Example: Incremental Processing¶

from stash_graphql_client import StashContext, Scene

async with StashContext(conn=conn) as context:
    store = context.store

    # Process large dataset incrementally
    processed = 0
    async for scene in store.populated_filter_iter(
        Scene,
        required_fields=['file', 'performers'],
        predicate=lambda s: s.file.size > 1_000_000_000,  # > 1GB
        populate_batch=50,
        yield_batch=10
    ):
        # Yields results as they're ready (doesn't wait for all)
        await process_large_scene(scene)
        processed += 1

        # Update progress bar
        if processed % 10 == 0:
            print(f"Processed {processed} large scenes...")

Batch Parameters¶

async for item in store.populated_filter_iter(
    Performer,
    required_fields=['rating100'],
    predicate=lambda p: p.rating100 >= 80,
    populate_batch=50,  # Concurrent populates per sub-batch
    yield_batch=10      # Process 10 entities before yielding matches
):
    process(item)

populate_batch: How many to populate concurrently (default: 50)
yield_batch: How many to process before yielding (default: 10)

When to Use¶

Large datasets: Process 10,000+ entities incrementally
Early exit: Stop processing when you find enough matches
Memory efficiency: Don't load all results into memory
Progress reporting: Update UI as results stream in

Real-World Workflow Example¶

from stash_graphql_client import StashContext, Performer

async with StashContext(conn=conn) as context:
    store = context.store

    # Step 1: Initial cache population (lightweight)
    print("Loading performers...")
    async for performer in store.find_iter(Performer, query_batch=100):
        # Loads: id, name, gender (minimal fields)
        cache_performer(performer)
    print(f"Cached {len(store.all_cached(Performer))} performers")

    # Step 2: User filters by rating (partial data in cache)
    print("\nFinding high-rated performers...")
    results, stats = await store.filter_and_populate_with_stats(
        Performer,
        required_fields=['rating100', 'favorite'],
        predicate=lambda p: p.rating100 >= 80 and p.favorite
    )

    print(f"Cache hit rate: {stats['cache_hit_rate']:.1%}")
    print(f"Fetched fields for: {stats['needed_population']} performers")
    print(f"Found: {len(results)} matches")

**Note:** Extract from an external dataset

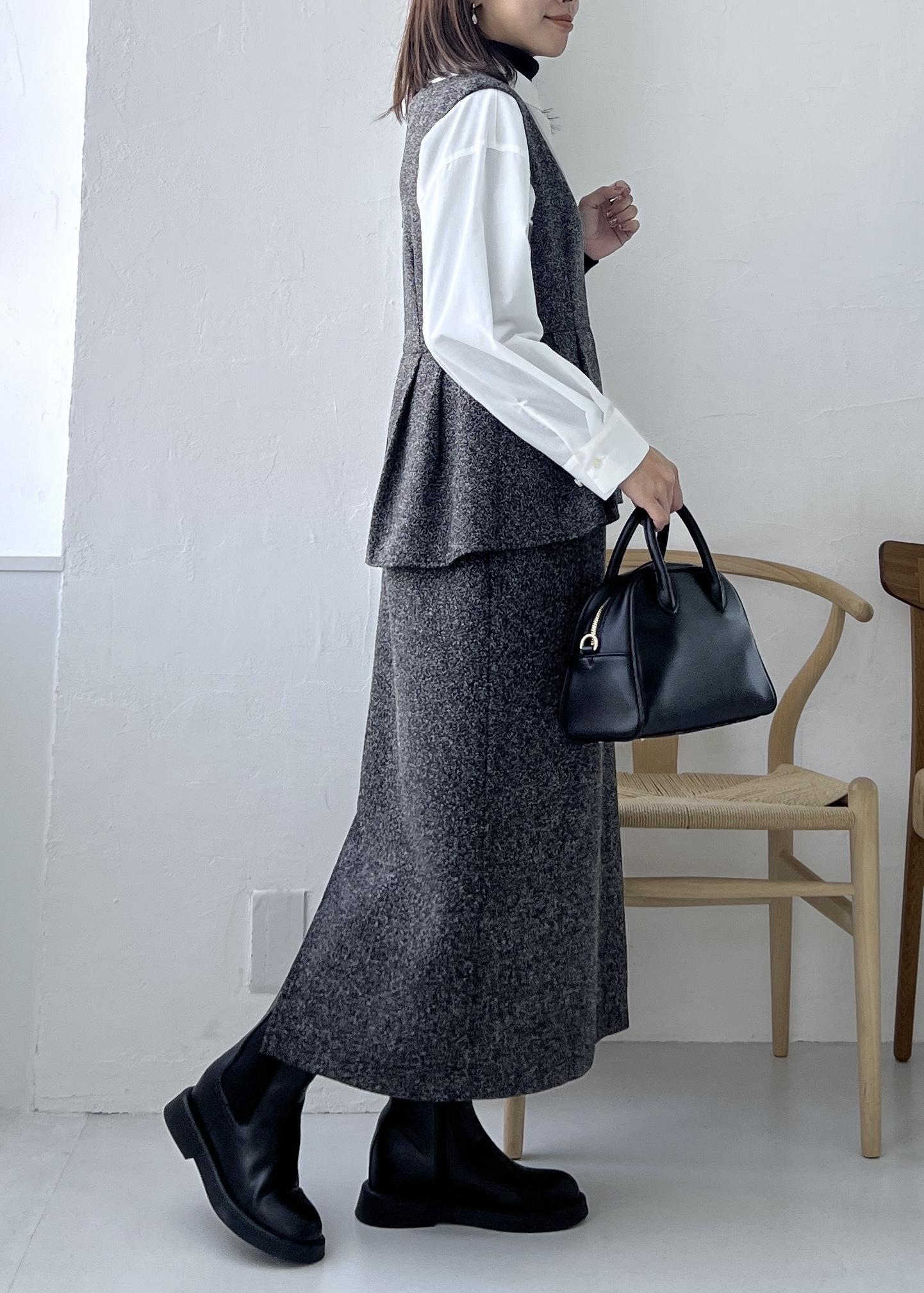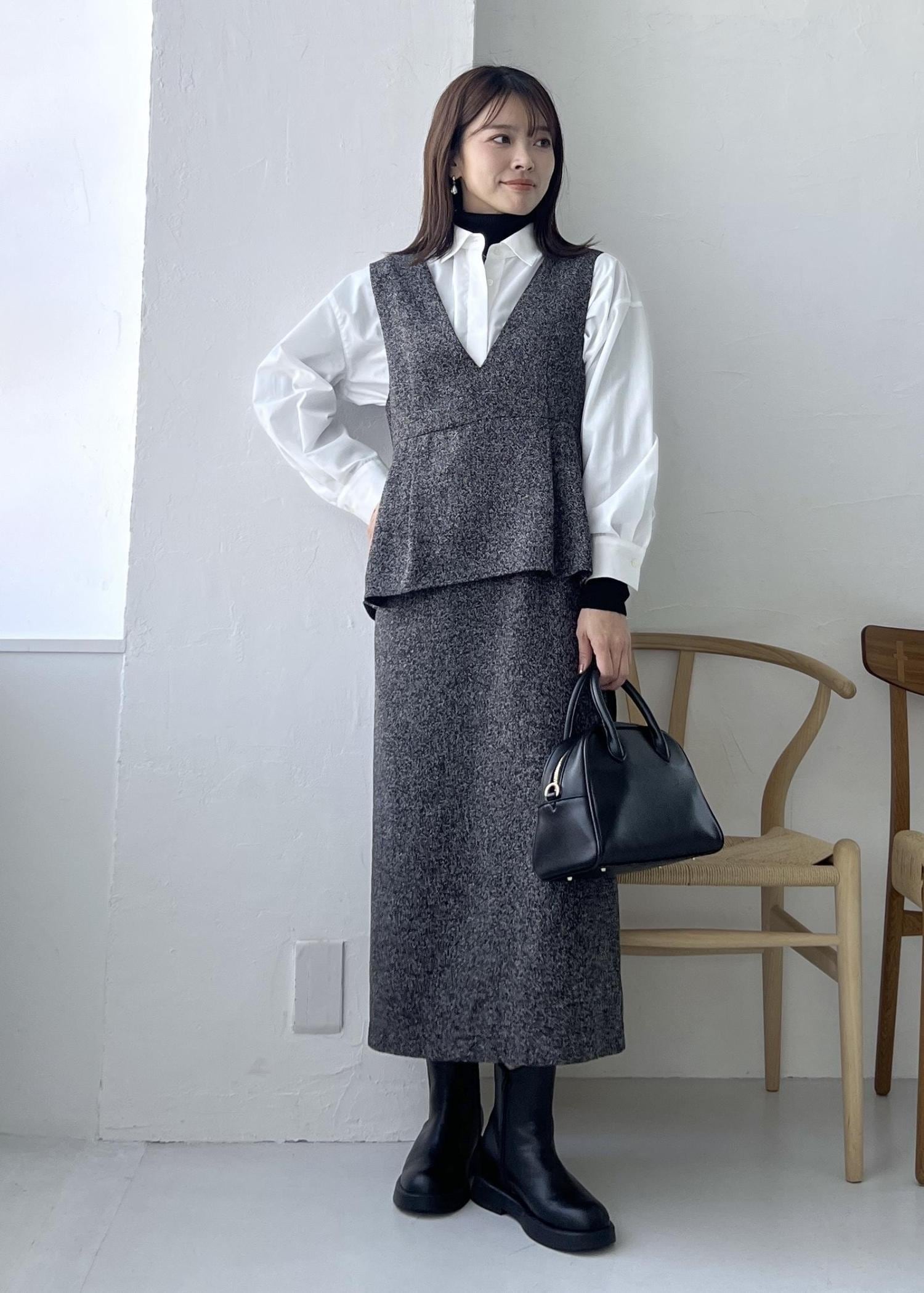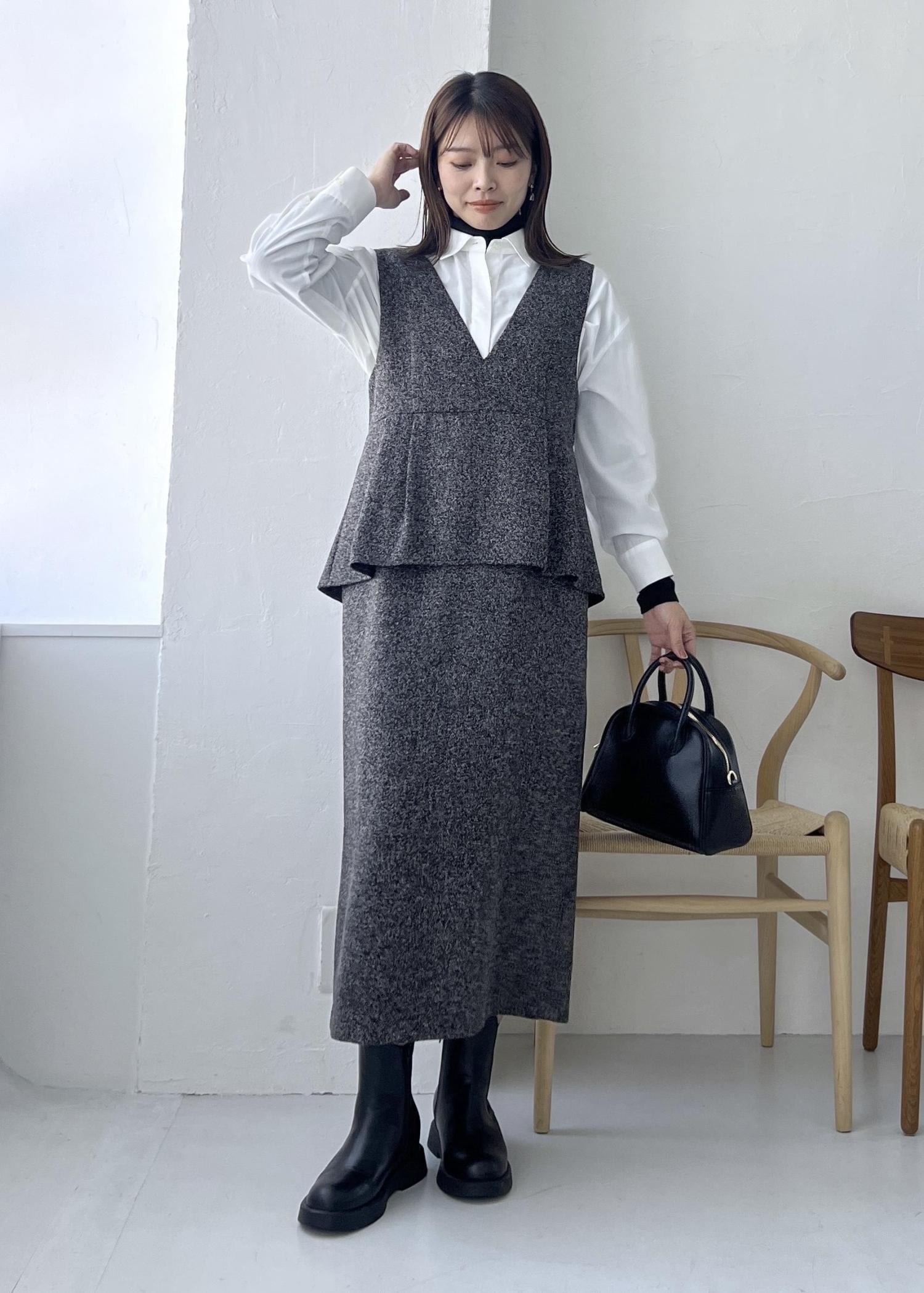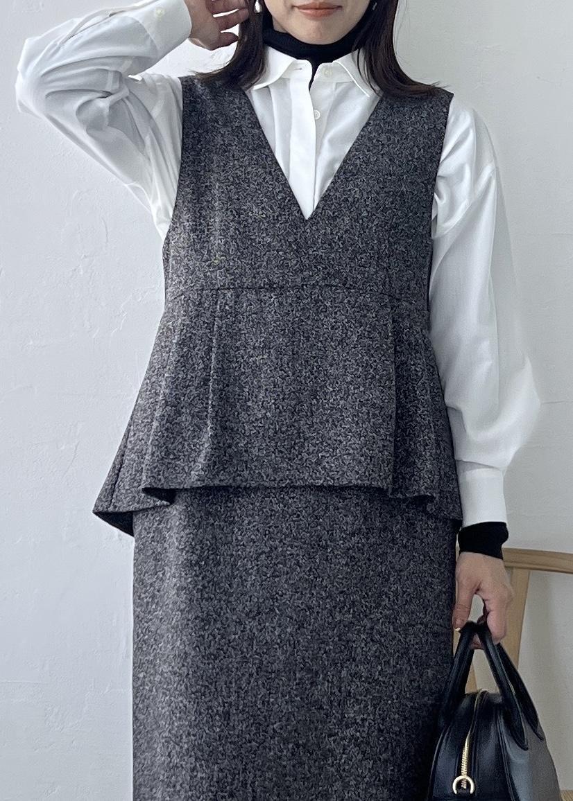 ROPÉ PICNIC【新色追加】レイヤード風ペプラムジャンパースカートチャコール / M¥7,997レビュー柔らかいツイード風の素材感で、表情のある生地。
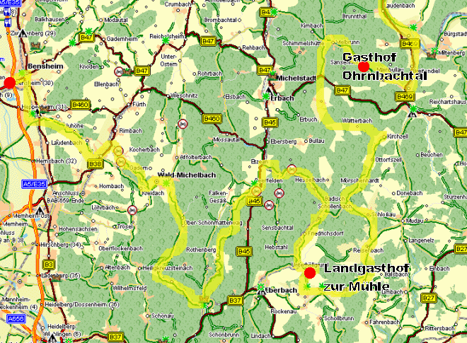 Wald-Michelbach nach Hirschhorn und weiter nach Beerfelden. Eine

    # Step 3: Verify cache before expensive operation
    try:
        verified = store.filter_strict(
            Performer,
            required_fields=['rating100', 'favorite', 'scenes'],
            predicate=lambda p: p in results
        )
        # All performers now guaranteed to have scenes field
        for performer in verified:
            process_with_scenes(performer)
    except ValueError:
        # Some performers missing 'scenes' field - populate it
        for performer in results:
            if not store.has_fields(performer, 'scenes'):
                await store.populate(performer, fields=['scenes'])

Best Practices¶

1. Choose the Right Method¶

# ✓ Fast local query, data already complete
results = store.filter(Performer, lambda p: p.rating100 >= 80)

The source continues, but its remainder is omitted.